Wie das Feuerwerk der Turnkunst nach Bremen kam und für Bremen 1860 zu einer Erfolgsgeschichte wurde

Das Feuerwerk der Turnkunst ist ein echter Dauerbrenner: Zum 32. Mal findet Europas größte Turnshow in diesem Jahr bereits statt und sorgt auf ihrer Deutschland-­Tournee in 22 Städten, darunter Hamburg, Köln, Berlin und München, für volle Hallen. Auch Bremen ist eine Station dieser vierwöchigen Tournee, zum 16. Mal nun schon. Am Montag, 30. Dezember, gibt es in der ÖVB-Arena zwei Vorstellungen, Beginn ist um 14 und um 19 Uhr.
Bundesweit lockt die inhaltlich von Regisseurin und Choreografin Heidi Aguilar aus Hannover ausgestaltete Gala rund 250 000 Besucher an. In Bremen erwartet Bremen 1860 als Veranstalter in Summe beider Aufführungen etwa 15 000 Zuschauer. „Die Gala bietet Show, Spektakel und sportliche Höchstleistungen“, sagt Jan Brüning, Projektleiter der Bremer Agentur Spospom, die das Feuerwerk der Turnkunst für Bremen 1860 nun schon seit zehn Jahren vermarktet. Das Konzept der Turnshow hat sich bewährt. Dabei gab es in Bremen anfänglich große Zweifel daran.

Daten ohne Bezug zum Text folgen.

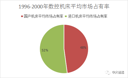 1996~2000年“九五”期间,是我国数控机床提高市场占有率时期。机床消费总量达到171.01亿美元,国产机床平均市场占有率47.87%,1996年仅达到36.89%.“九五”期间累计工业总产值1737.88亿元,提供各类机床80.18万台,其中数控机床4.73万台,2000年产值数控化率8%.数控机床品种超过1500种,能够生产五轴联动加工中心、车削中心、高速高精数控机床。
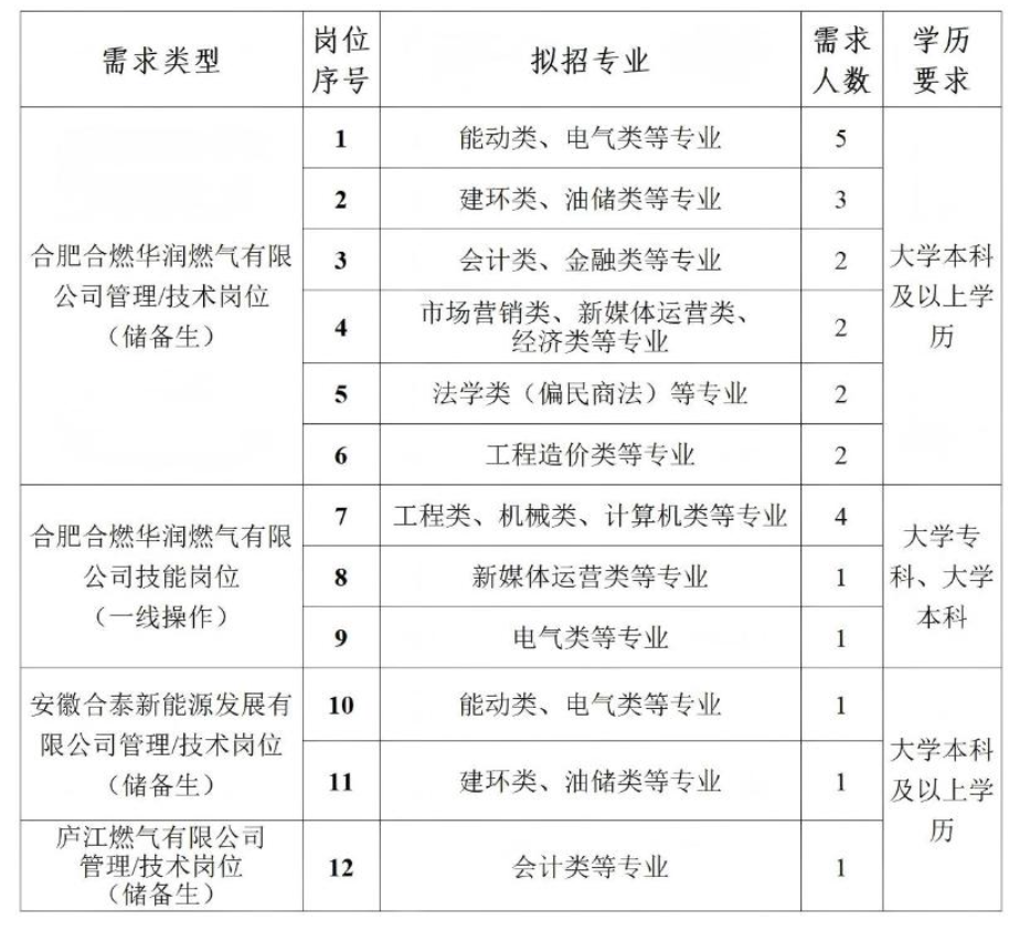 6.本次招聘解释权归合肥合燃华润燃气有限公司所有。
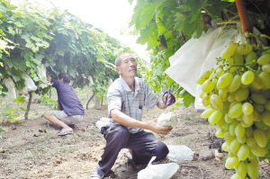 昨日,在商水练集镇朱集美人指千亩葡萄园内,农民正在对部分成熟的葡萄进行采摘。该园种植葡萄有红提、白提、青提等多个品种。
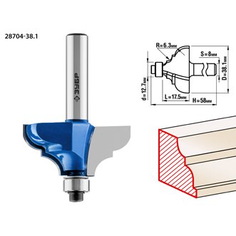 Фреза кромочная калевочная No8, D= 38,1мм, рабочая длина-15,2мм,радиус-6,3мм, хв.-8мм, d-12,7мм, ЗУБР
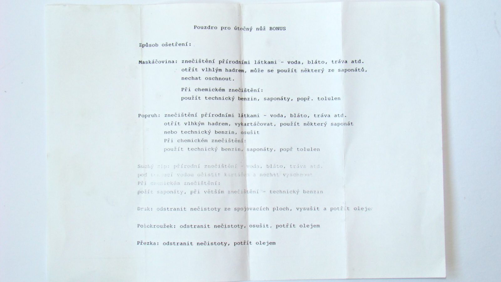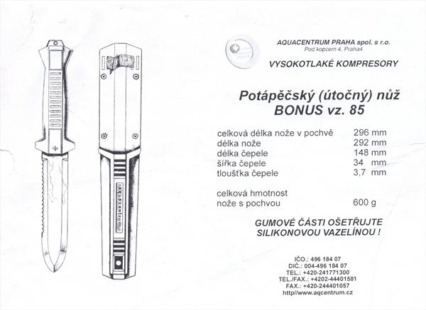 Typy nožů BONUS vz.85
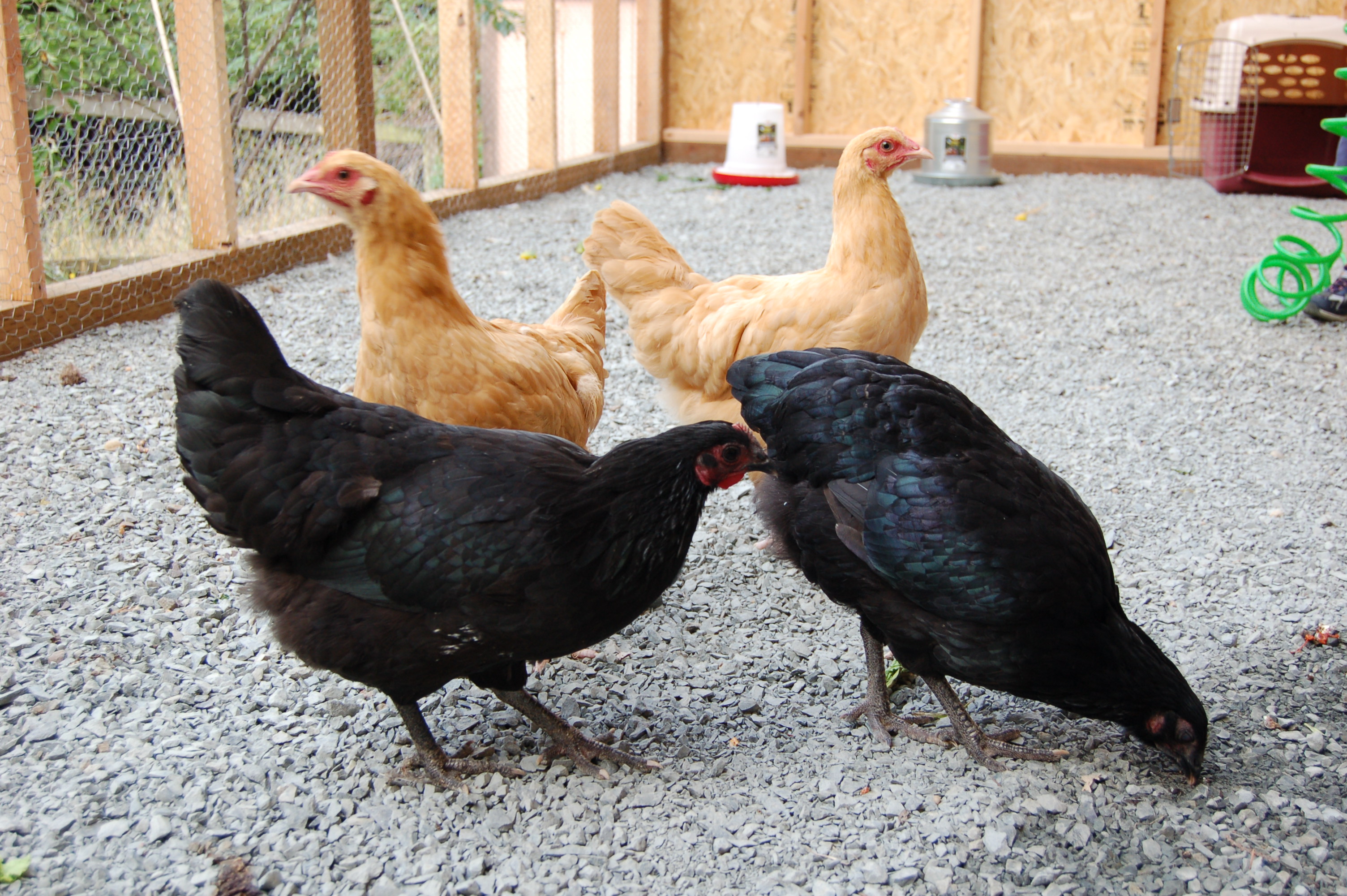 In other news, I am sad to report that we’ve lost a chicken. A few mornings ago I realized that there were only five chickens in the coop/run. I looked all around but didn’t see the sixth chicken. We’ve been letting them free range a bit during the day and I think the chicken jumped over the fence and couldn’t get back in. When I closed them into their coop that night, I think I closed one chicken out of the coop. We found a pile of feathers in our yard, so we know for sure it is gone. The lost chicken was one of our Buff Orpingtons, the one we named Blondie. So RIP Blondie. I hope you went quickly.
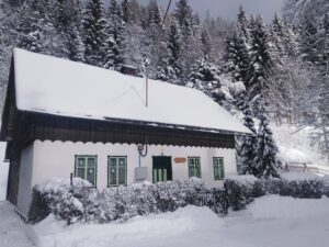 Když je dostatek přírodního sněhu, je nejbližší menší sjezdovka cca 200 m od chalupy
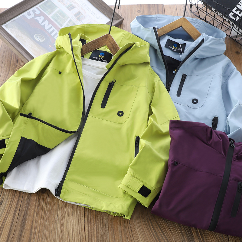 MIEVE DUCK 공장 직모 2025 봄 중대형 아동용 우븐 재킷 방풍 캐주얼 다용도스토어 가기
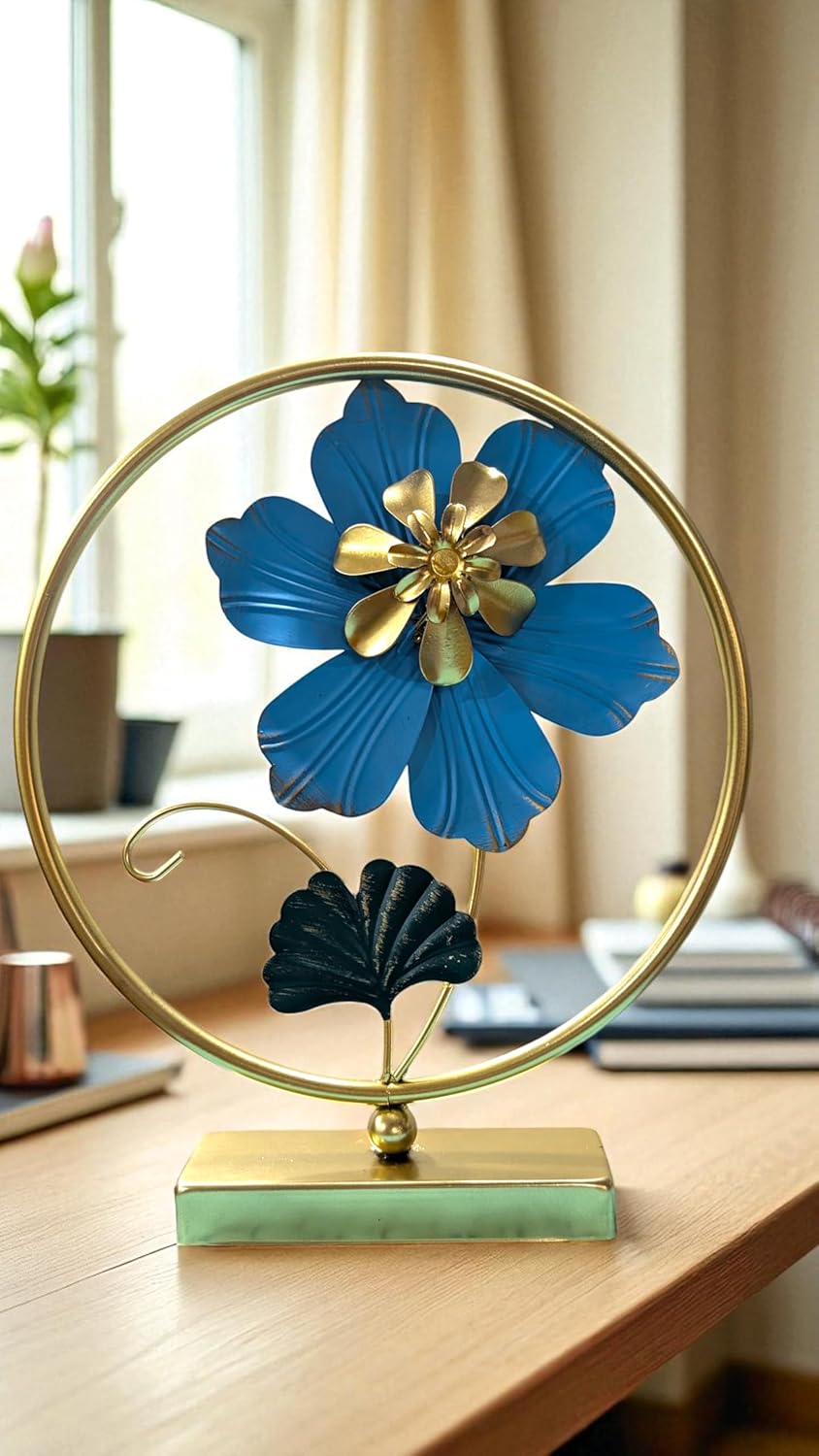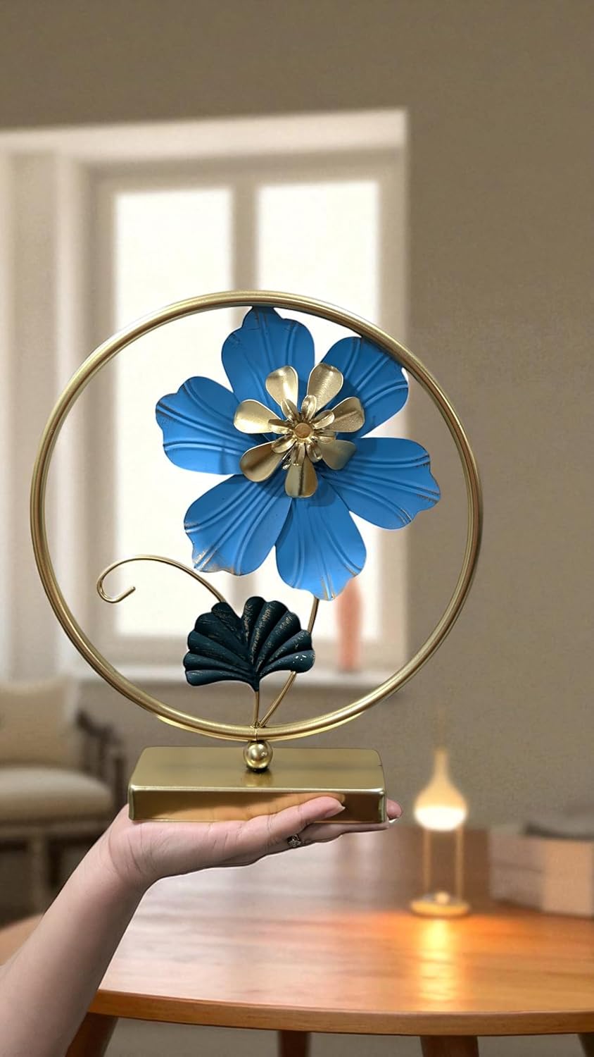 Crafted from high-quality metal, this showpiece offers durability along with a luxurious aesthetic. The carefully sculpted flower and leaf elements reflect fine workmanship, creating a décor piece that instantly elevates the ambience of any room. Whether placed on a coffee table, console, office desk, or shelf, it draws attention and admiration effortlessly.
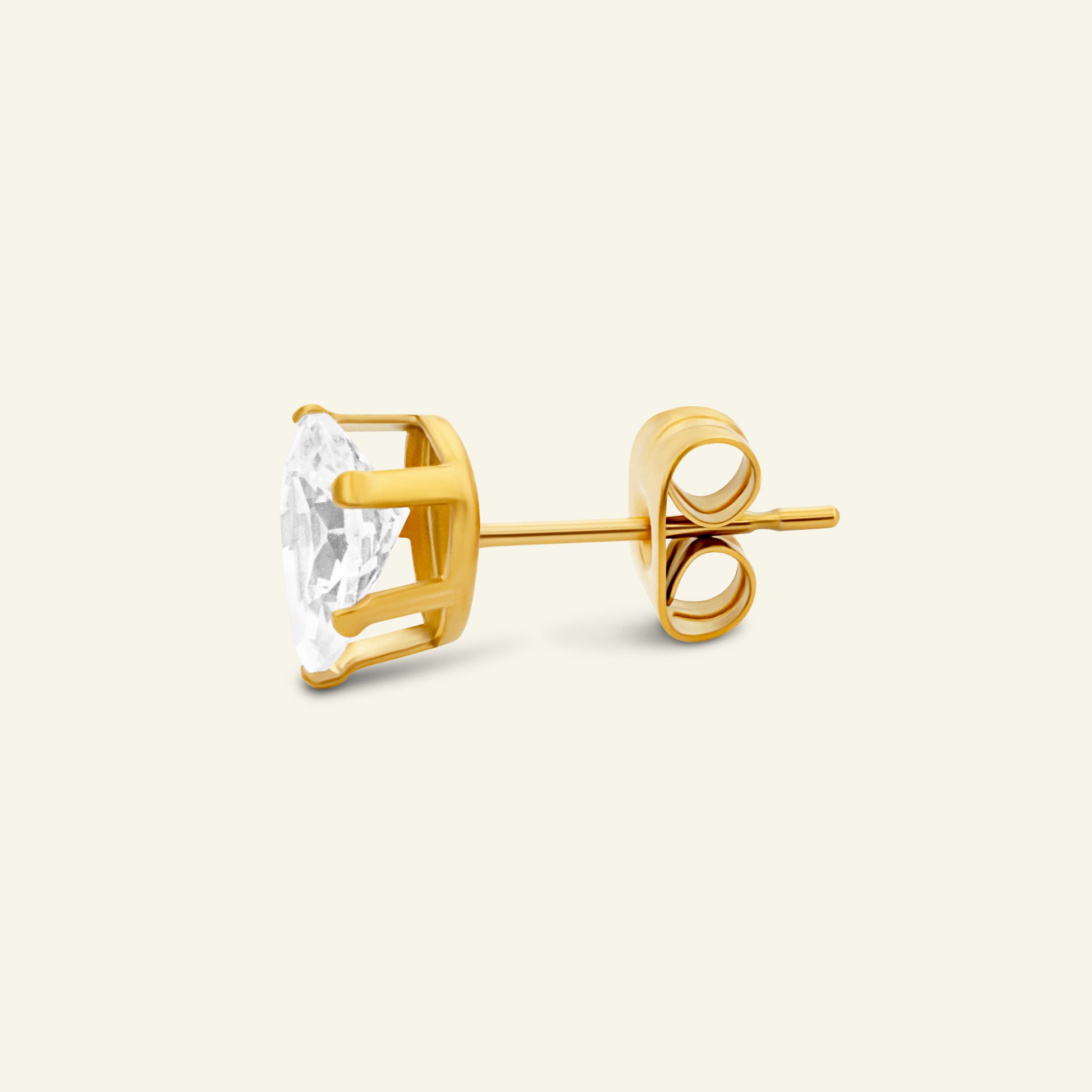 Örhängena är guldpläterade och tillverkade i rostfritt stål, vilket ger dem hög tålighet mot vatten, slitage och missfärgning. Den klara infattningen framhäver kristallens form och färg, medan stiftfästet gör dem enkla att bära.
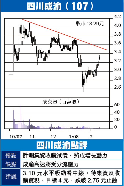 計劃發A股不多於5億股,集資約20億元,除用於收購外,其餘用於償還銀行貸款,去年底淨借貸13.6億元,集資對成渝財政有利,而收購的貢獻,仍待進一步資料披露。成渝現價3.29元,PE約16倍,息率1.3%,P/B1.48倍,今年展望原有業務明顯放緩,有待集資及收購配合,只宜候低吸納看中線。
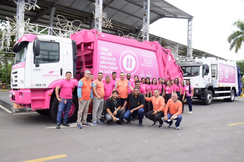A Prefeitura de Manaus, por meio da Secretaria Municipal de Limpeza Urbana (Semulsp), apresentou, nesta terça-feira, 11/10, os caminhões da limpeza pública que estampam a campanha “Outubro Rosa”, de conscientização sobre o câncer de mama e o câncer do colo do útero. Durante o mês, dois veículos adesivados e pintados na cor rosa e com informações de prevenção à doença, circulam na cidade. O secretário do órgão, Sabá Reis, acompanhou a entrega.

Viele Jahre lang war Bremen 1860 in der altehrwürdigen Stadthalle als Gastgeber von Turnveranstaltungen aufgetreten. 1988 hatte „Faszination Turnkunst“ Premiere gefeiert, danach gab es bis zum Jahr 2000 die Turngala des Deutschen Turnerbundes (DTB). Beide Veranstaltungen hatten inhaltlich eines gemeinsam: Es wurden national und international erfolgreiche Kunstturner, darunter beispielsweise auch Olympiasieger aus Russland, verpflichtet, die bei diesen Auftritten ihre anspruchsvollen Übungen präsentierten. Was letztlich nicht so richtig zog, wie Horst Neumann, der langjährige Geschäftsführer von Bremen 1860, einräumt. „Es gab zu wenig Showelemente.“ Der Verein nahm also Abstand von solchen Veranstaltungen, „und danach hatten wir dann zunächst einmal nichts mehr“, sagt Neumann.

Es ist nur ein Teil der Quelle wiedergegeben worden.